I start to hate all of humanity as I frantically wheel around the aisle, avoiding eye contact and nattering on and on out loud to drown the endless, over-hyped announcements from the carnival barkers-cum-grocery store clerks.

Finally I reach the Promised Land, the long rows of checkout counters, naturally all closed except for two, where long lines queue back into the Aviation Aisle ("All jets, half off!"). I'm doomed, I'll never get out of this living hell, this unholy amalgamation of random crap punctuated by ice cream freezers and personal hygiene products.

And then the final indignity -- my only choice is a "Self-check-out" station. It's not bad enough I had to wade through acres of non-grocery-related crap, it's not enough I was put through the architectural equivalent of Dante's inferno, it's not even bad enough that it took me half an hour to find a parking spot. Now I have to check out my own effing groceries.

And then I have to bag them myself, to boot.

All that money to buy genuine wicker tables hand-woven by Buddhist monks, all that time spent to locate the ultimate ironing board on Aisle Five, and they can't even manage to hire two minimum-wage kids or retirees to scan my effing groceries and put them in a bag. Unreal.

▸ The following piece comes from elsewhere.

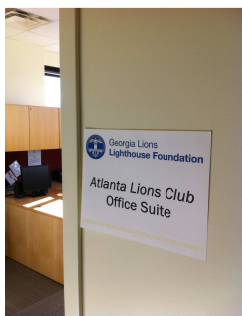
Left We have our own room dedicated to the Atlanta Lions Club

Look, if I wanted to buy furniture, I'd go to the furniture store. If I wanted to be accosted by desperate people hawking their wares at me, I'd go to either the nearest convention center or the red light district. And if I want to buy groceries and have someone check me out, apparently I'm going to have to go somewhere else, because I'm sure as hell not going to find it at HEB Plus!

6 comments:

Anonymous said...

You are so crazy! That's exactly how I feel when I go to the Walmart here.

Rob Rogers said...

Jeff, you're my hero.

John said...

What the hell is an "HEB Plus?" Sounds like a dad-gum Wal-Mart for snotty people.

Speedwell said...

Shark. Jumped.

Jeff Hebert said...

I jumped the shark or HEB did?

Anonymous said...

Hurray Jeff! Not being alone in loathing that store is good.I so seldom go shopping and I went into the new store you described. I was so overwhelmingly repulsed I may have to go into a recovery program or starve! The noise was hideous, the arrangement unmanageable and Fung Shui died a horrible death in there somewhere.